Each line in the data must be reproduced as written, except for any picture.

##### Given data #####

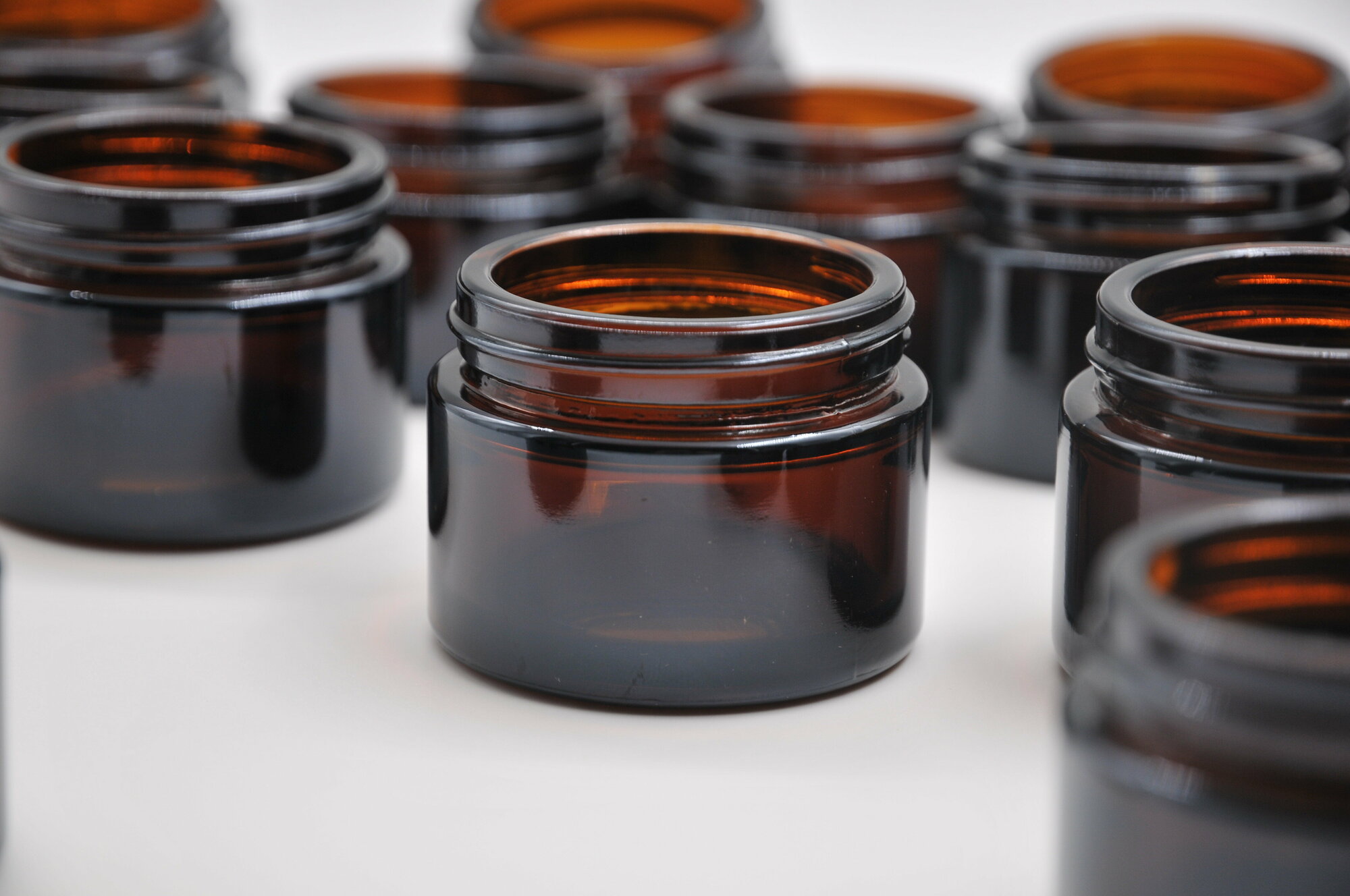 Купить Стеклянная банка янтарная/коричневая объемом 50мл без крышки 22 штуки
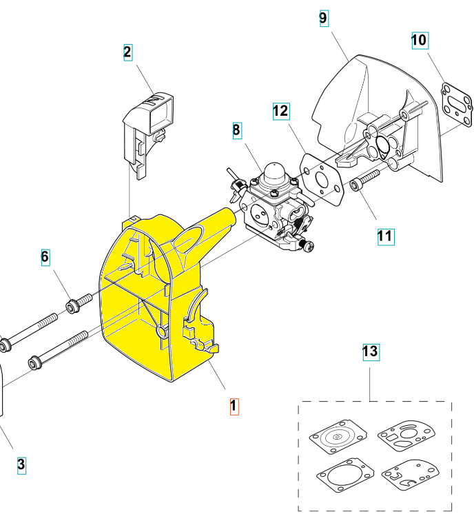 Obsada filtra powietrza dedykowana do wykaszarek i podkaszarek Husqvarna. Produkt występuje pod numerem katalogowym: 576887301. Dokładne wskazanie obsady widoczne na załączonym schemacie. Producent Husqvarna.
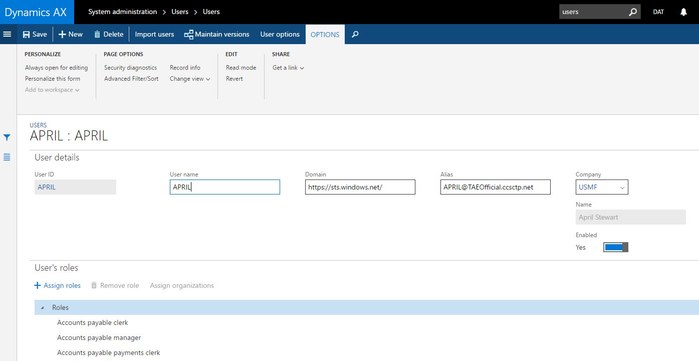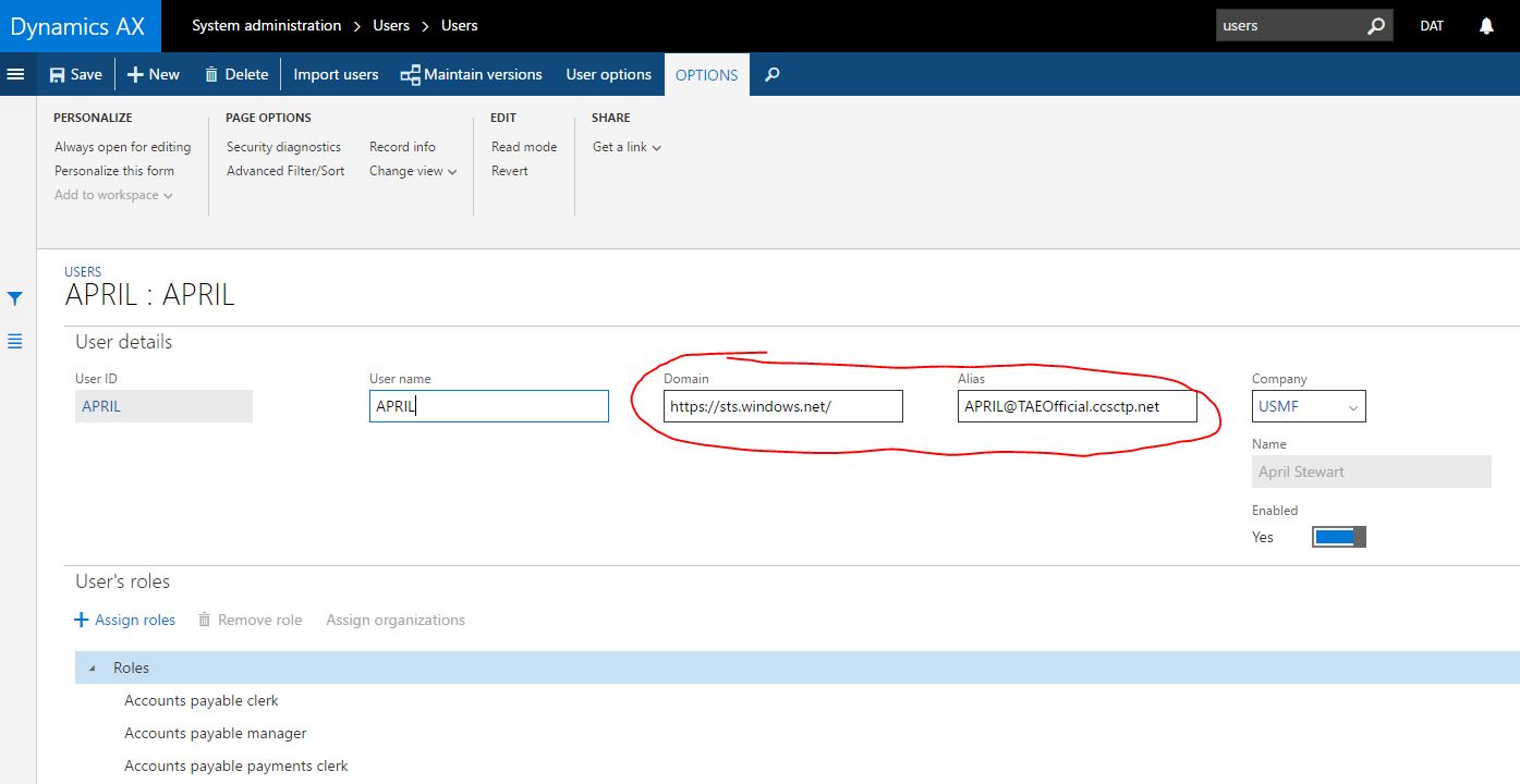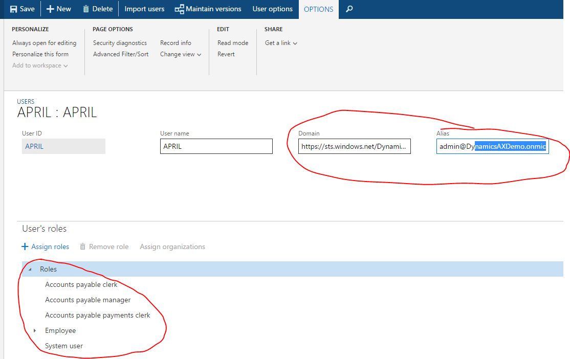 5. Now edit the record for April, enter the domain and alias of the new AAD user who wants to have the same security roles as April. You can follow my previous blog post to learn how to invite a user to an AX instance.
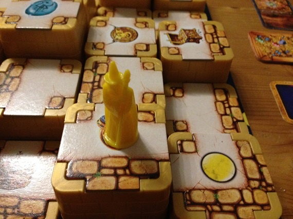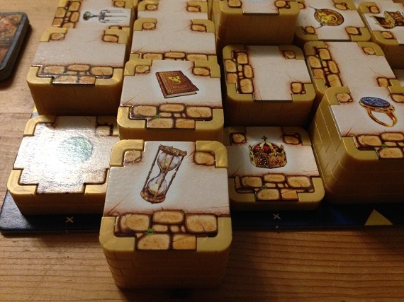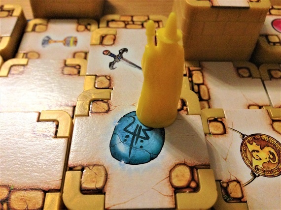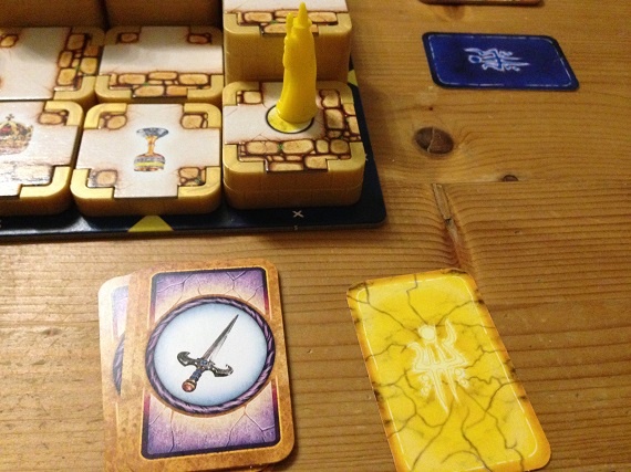 Natürlich sieht man dem 3D Labyrinth sofort an, was einen erwartet. Auf und ab geht es durch das Labyrinth, wobei man nur maximal einen Höhenunterschied von eins überwinden darf. Außer natürlich man hat einen passenden Zauber in der Tasche. Der Rest bleibt dann fast gleich zum Original. Scheib ein Bauteil ein und beweg dich durch die Gänge. Neu ist jedoch, dass man eine Zauberkarte zieht, wenn man in seinem Zug keine Aufgabe erfüllen konnte.

#####

| Solution for this exercise |
 Купить Стеклянная банка янтарная/коричневая объемом 50мл без крышки 22 штуки
 Obsada filtra powietrza dedykowana do wykaszarek i podkaszarek Husqvarna. Produkt występuje pod numerem katalogowym: 576887301. Dokładne wskazanie obsady widoczne na załączonym schemacie. Producent Husqvarna.
 5. Now edit the record for April, enter the domain and alias of the new AAD user who wants to have the same security roles as April. You can follow my previous blog post to learn how to invite a user to an AX instance.
 Natürlich sieht man dem 3D Labyrinth sofort an, was einen erwartet. Auf und ab geht es durch das Labyrinth, wobei man nur maximal einen Höhenunterschied von eins überwinden darf. Außer natürlich man hat einen passenden Zauber in der Tasche. Der Rest bleibt dann fast gleich zum Original. Scheib ein Bauteil ein und beweg dich durch die Gänge. Neu ist jedoch, dass man eine Zauberkarte zieht, wenn man in seinem Zug keine Aufgabe erfüllen konnte.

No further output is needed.